First, consider a factor with two levels, such as sex.  For dichotomous variables, one could enter it into a model as a factor or by dummy coding the variable as 0 for female and 1 for male.  This is fairly straightforward and not overly cumbersome in this instance.  However, for a three level categorical variable, the process of dummy coding becomes more tiresome.  It would be straightforward to setup a for() loop, but it would also computationally ineffecient.  Fortuneately, R provides a simple way to perform a variety of coding.  One way of doing this is via contrasts().  This function allows you to see the contrasts for a factor and to set them.  Consider the following data frame, an outcome variable, y, and a factor, x, with six levels.

samp.dat <- data.frame(y=1:12, x=factor(rep(1:6, each=2)))
str(samp.dat)
'data.frame': 12 obs. of 2 variables:
 $ y: int 1 2 3 4 5 6 7 8 9 10 ...
 $ x: Factor w/ 6 levels "1","2","3","4",..: 1 1 2 2 3 3 4 4 5 5 ...
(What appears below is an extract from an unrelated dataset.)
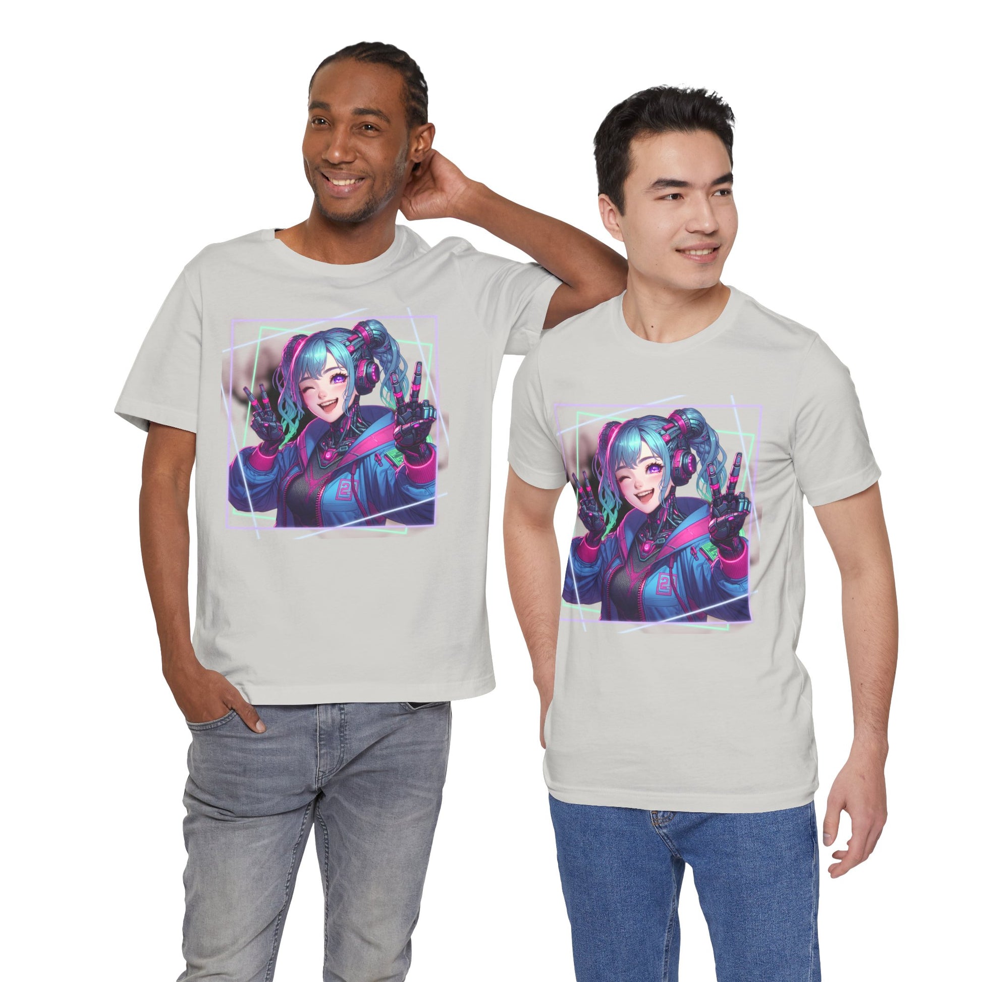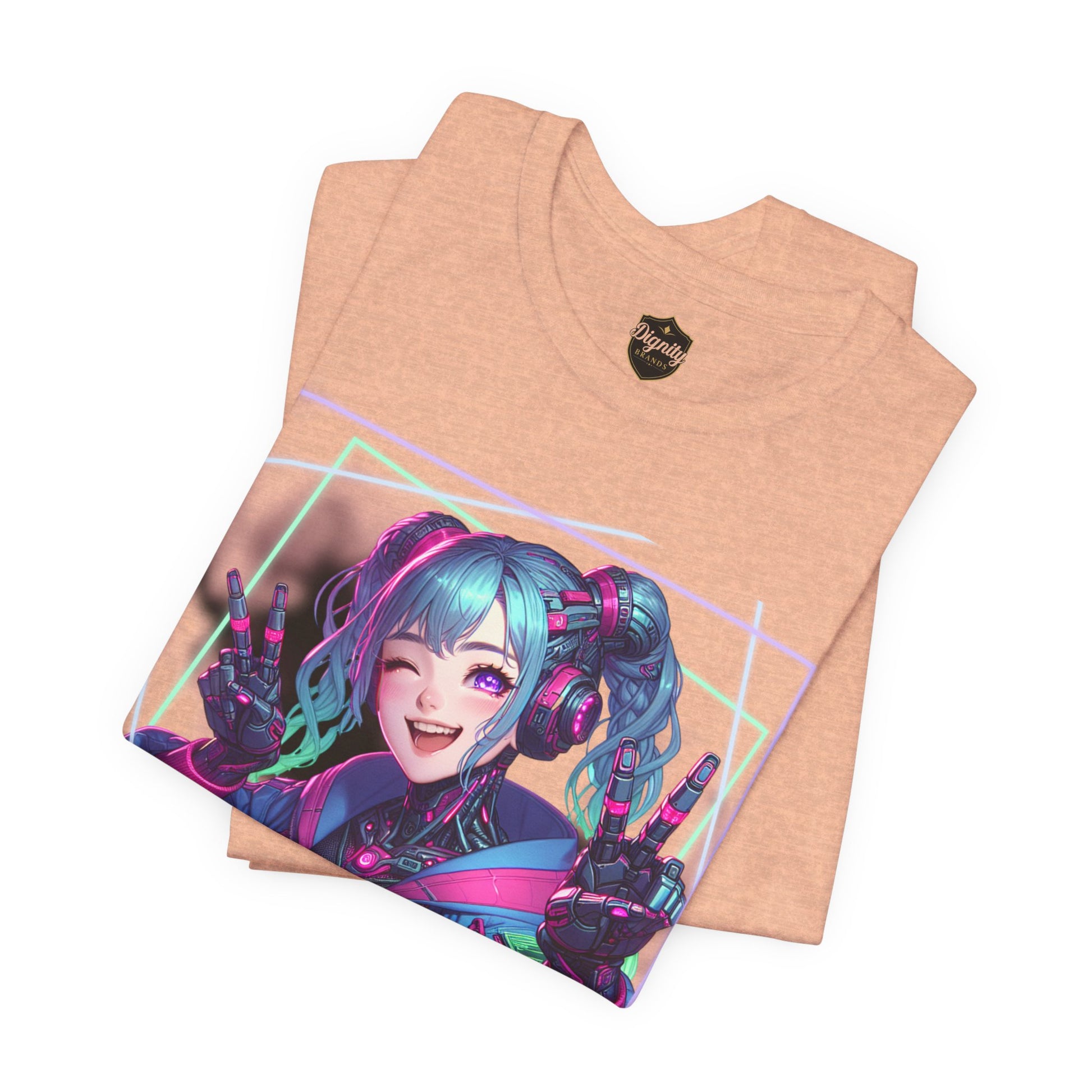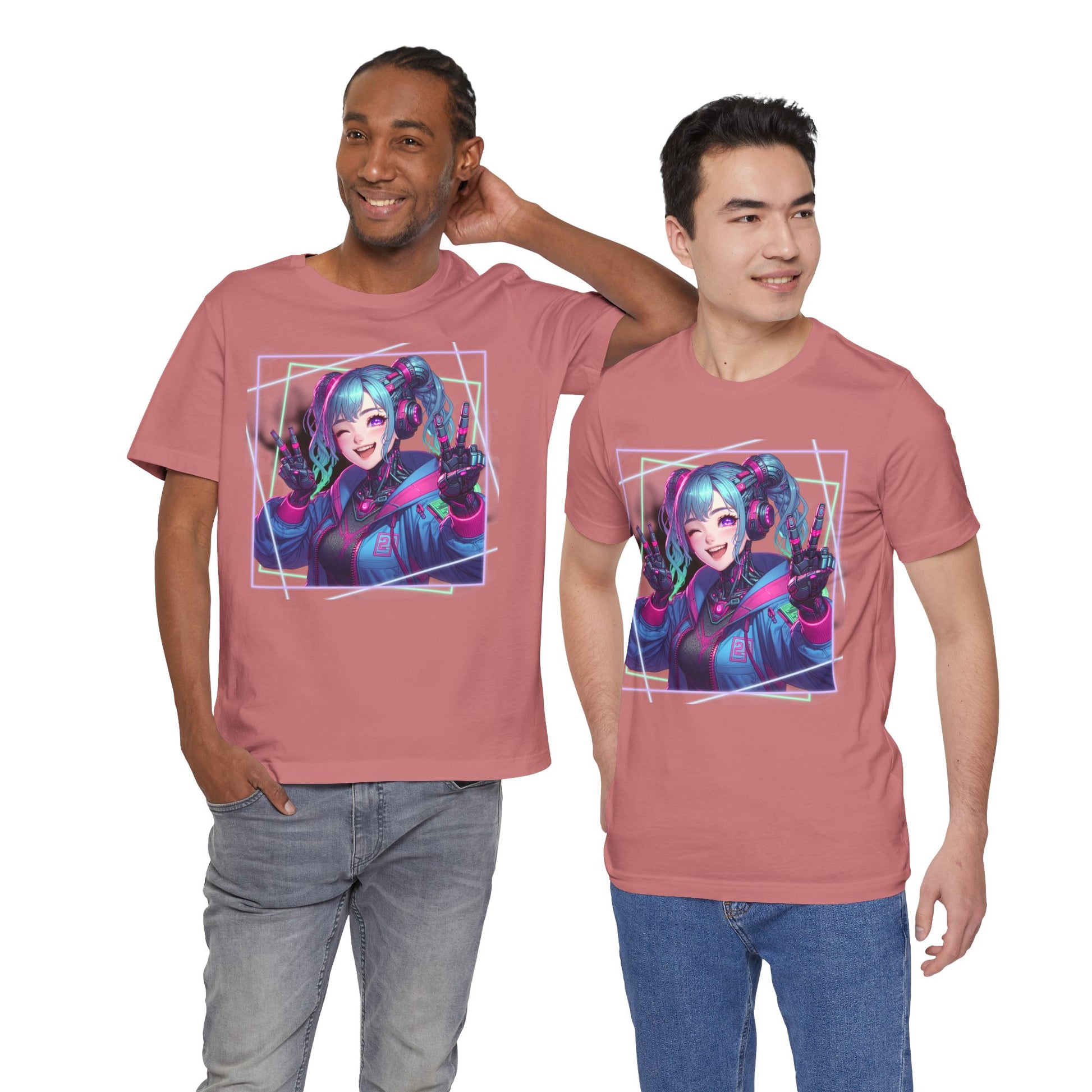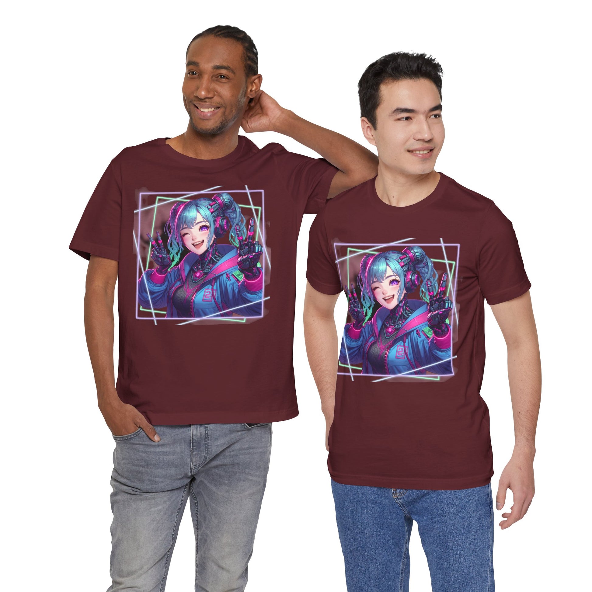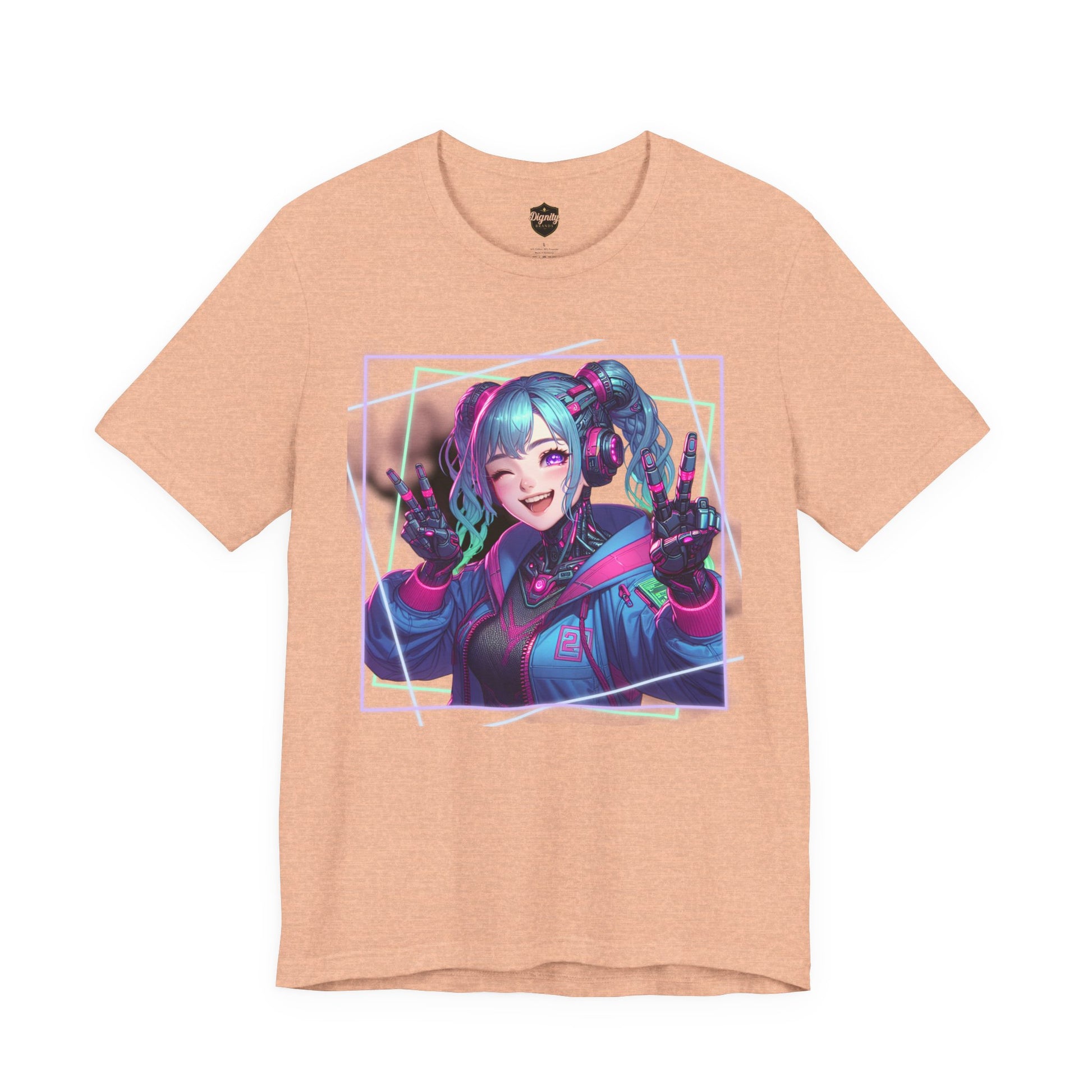 Anime Cyberpunk Girl Graphic Tee - Vibrant Kawaii Gamer T-Shirt

contrasts(samp.dat$x) #the default contrasts
  2 3 4 5 6
1 0 0 0 0 0
2 1 0 0 0 0
3 0 1 0 0 0
4 0 0 1 0 0
5 0 0 0 1 0
6 0 0 0 0 1

The default contrasts are treatment contrasts (n-1 dummy variables with the first level as the reference group) for regular factors or orthogonal, polynomial contrasts for ordered factors.  Notice how the reference group (level 1) is not shown in the regression coefficients.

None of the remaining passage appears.